David Knight, the deputy environmental secretary who removed the offending slide and promoted Klimek, said the two actions are unrelated. He said the cost information needed to be removed because it wasn’t fair to the engineering firms identified. He also said he had planned to promote Klimek – before the offending presentation occurred – as acting director because there was too much work for one person to oversee.

She commutes to Raleigh from Asheville, where she had been working as a consultant. Her pay increased by 9.5 percent to $86,215.

“It was not because of this incident,” Knight said. “It was already in motion.”

Ellison, through an EEP spokesman, declined to be interviewed.
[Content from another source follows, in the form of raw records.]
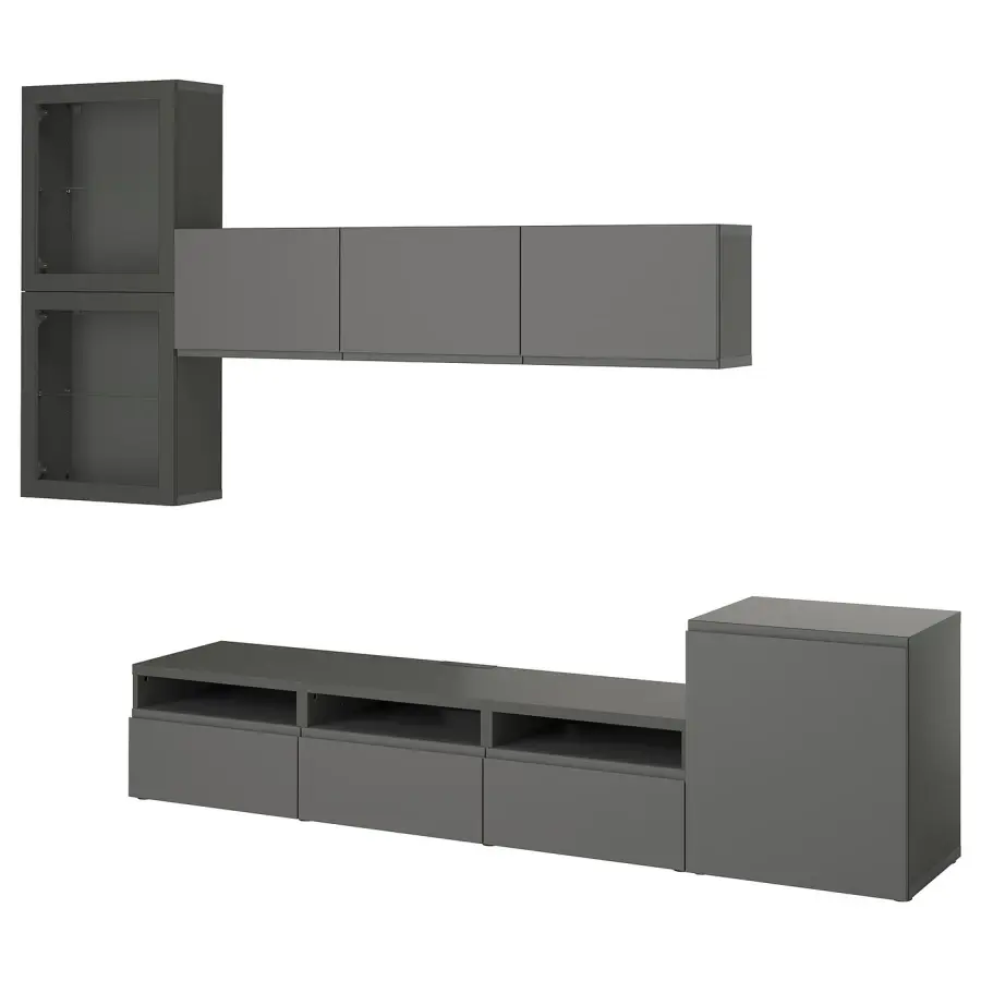 Комбинация для хранения ТВ - IKEA BESTÅ/BESTA, 211x42x300см, темно-серый, БЕСТО ИКЕА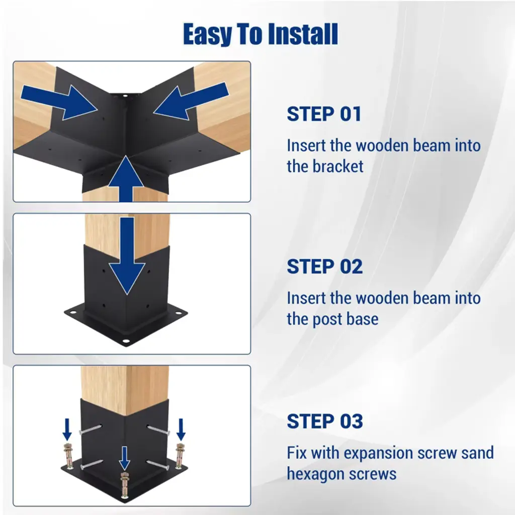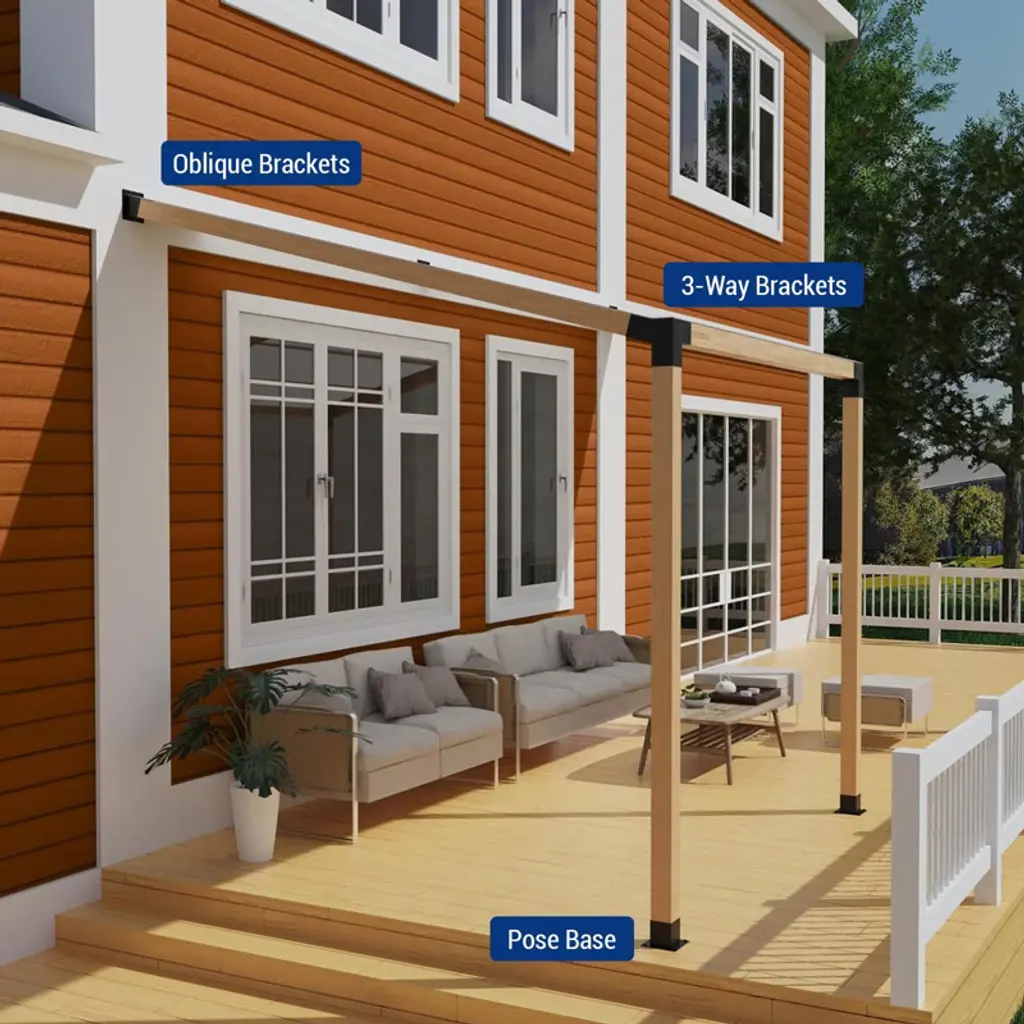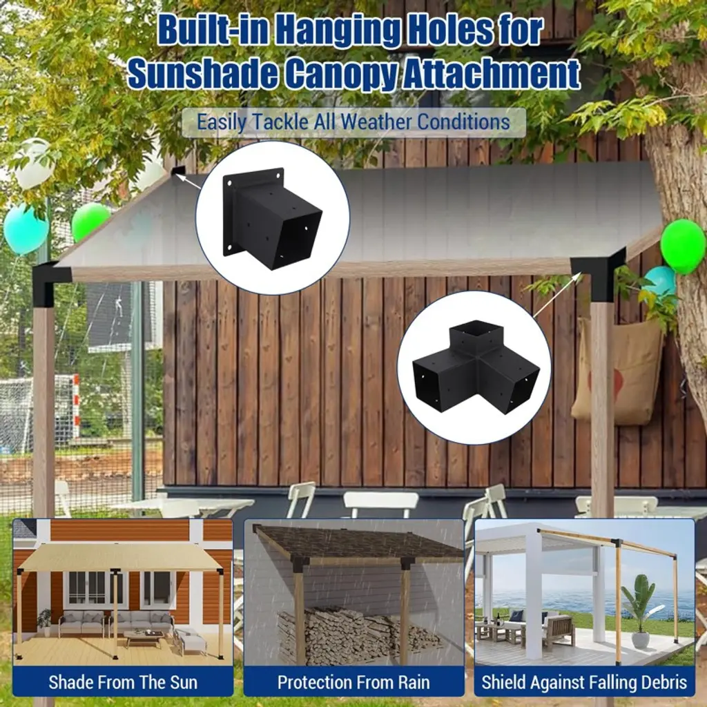 With a built-in hanging hole, our brackets facilitate the easy installation of a sunshade sail, efficiently blocking sunlight and rain while safeguarding the interior against rain .The assembly process is straightforward: simply cut the wood to the desired lengths, insert it into the brackets, and secure. This user-friendly kit is perfect for DIY enthusiasts of all skill levels.
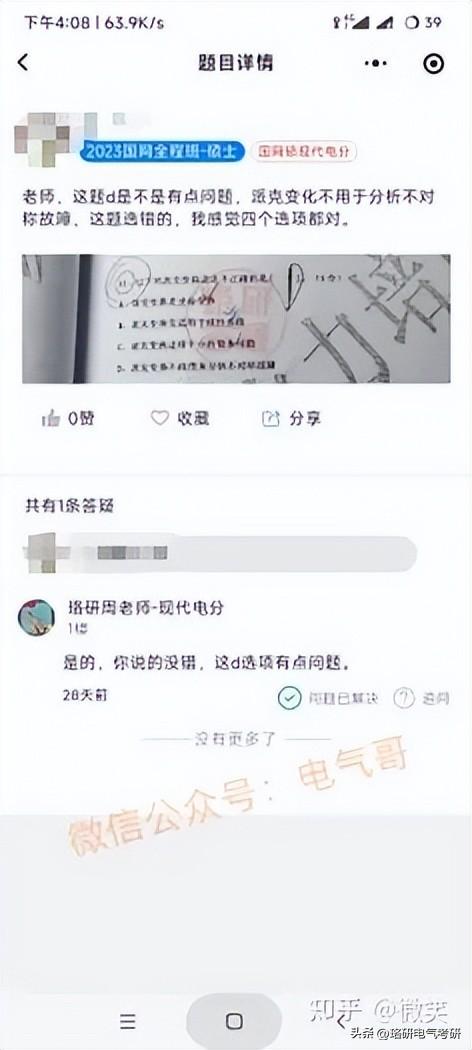 电分:大概考了10分多,今年电分考的比较基础,考了正序等效、短路电流的计算等,都比较常规。让我印象最深的是有一道隐极机的暂态模型下的极限稳定功角的题,讲义上没有提及,我只在李光琦的暂态书上看到过。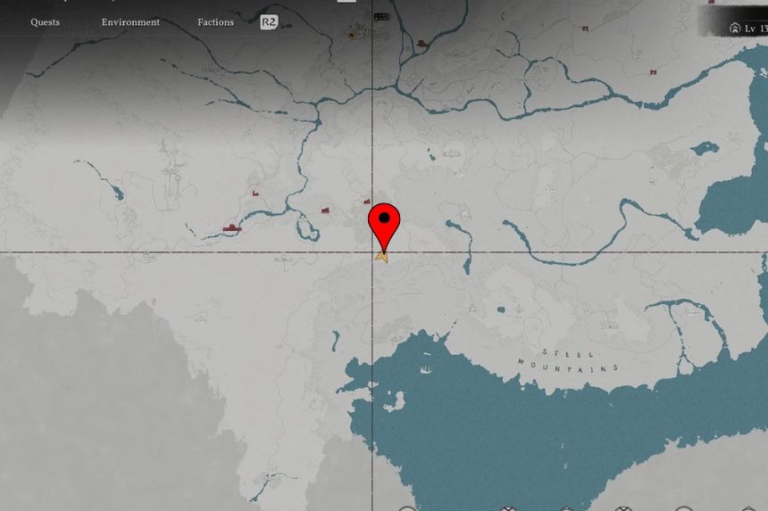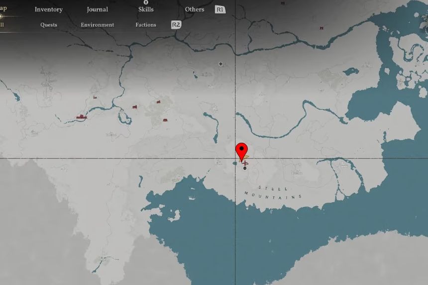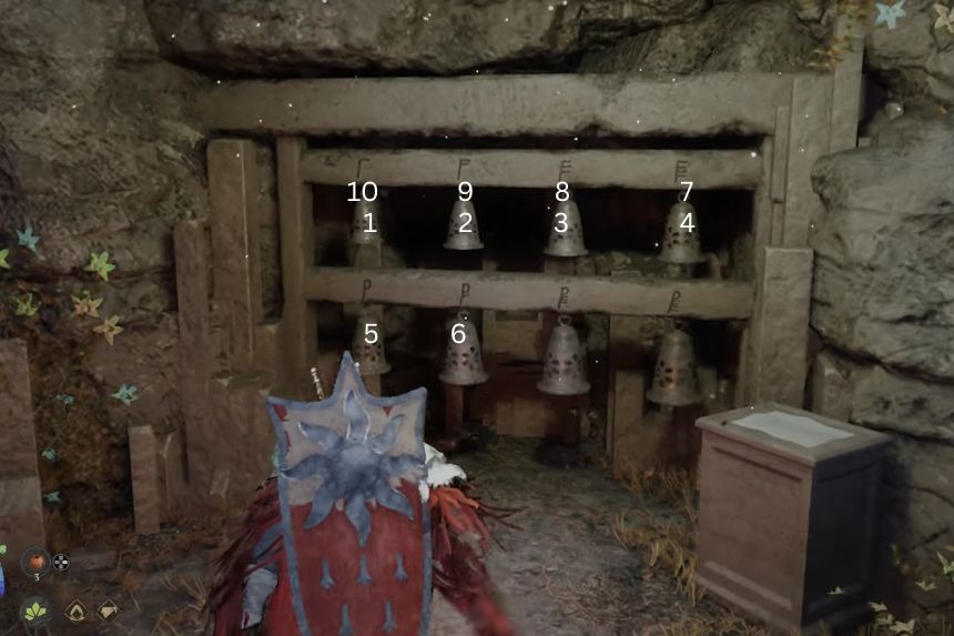 Puoi trovare le Rovine delle Montagne d’Acciaio del Deserto Cremisi molto più a sud nelle Montagne d’Acciaio, vicino alla Guglia dell’Intuizione. Dopo aver raggiunto il luogo, raccogli la mazza posta vicino alle campane e leggi le note scritte sul muro accanto ad esse. Le note indicheranno la sequenza di azioni da seguire per completare il puzzle.

Emails show Knight told Ellison that Knight would handle questions regarding Ellison’s presentation. The spokesman, Tad Boggs, later produced a statement from Ellison that was heavily edited, and excluded information related to the problems associated with stream restorations.

Ellison came to the EEP in late 2010, as the N&O was investigating long-standing problems with the ecosystem program. His EEP bio said he has more than 25 years experience in the field, and as a consultant and contractor completed more than “250 stream and wetland restoration projects and restored over 30,000 acres of forest and prairie habitats throughout the United States.”

Data provided to the N&O for its series showed the EEP and its predecessor agencies were struggling to produce restorations that held together and finished on schedule. More than 30 percent of the stream restorations had needed repairs, often costing hundreds of thousands of dollars. Project records showed some of the issues stemmed from engineering firm designs that did not properly account for upstream development and other land conditions.

A delayed reaction

Email correspondence and interviews with other attendees of the stream conference show no one raised any objections to Ellison’s presentation when he gave it. But Knight later received complaints from Kimley-Horn & Associates, the engineering firm that had the highest amount of costs associated with its designs, and from Kathryn Sawyer Westcott, a lobbyist who represents the American Council of Engineering Companies of North Carolina.

Sawyer said Kimley-Horn and other members thought the slide was “incredibly disparaging” to their work. It lacked context in terms of what period of time the costs covered, whether the change orders were the fault of the engineering firms and how much total work the firms had done.

The slide showed close to $800,000 spent on change orders for projects designed by Kimley-Horn. Sawyer said Kimley-Horn has probably done the largest amount of restoration work among engineering firms for the program so it’s not necessarily a bad thing that its firm is tied to the highest amount in change order costs. Boggs said the change orders reflect 11 years of additional work performed by construction firms on stream and wetland projects.

Those who attended the presentation say Ellison did not disparage any firms. Ellison said in an email to Knight the slide illustrated how “crude design approaches” for streams can result in additional construction costs, but he added that some of the costs reflected in the slide were not the result of bad designs.

For more than a decade, the state has been selecting engineering firms for stream and wetland restoration work by drawing from a preferred list instead of putting the work out to bid. Kimley-Horn had been on that list from at least as far back as 2002 until last year, when the number of firms was cut to a decade-low 12.

These firms had been working under a construction method that often left the state holding the bag if projects went bad. After the N&O’s series, the state legislature passed a law that shifts most of the risk to the companies that do the work.

Ellison has been working to deploy the new law, improve financial accounting and devise new technical standards that better reflect scientific findings.

Preyer, Doyle and John Hutton, vice president of the Wildlands Engineering firm in Charlotte, said Ellison has made good strides on those goals.

“From an industry standpoint, he’s done a really good job with the reforms and in reaching out to the scientific community as well,” Hutton said.

They now worry that Ellison will be reined in. Knight said they shouldn’t be.

“I have a positive attitude toward Michael,” Knight said. “He’s done good work.”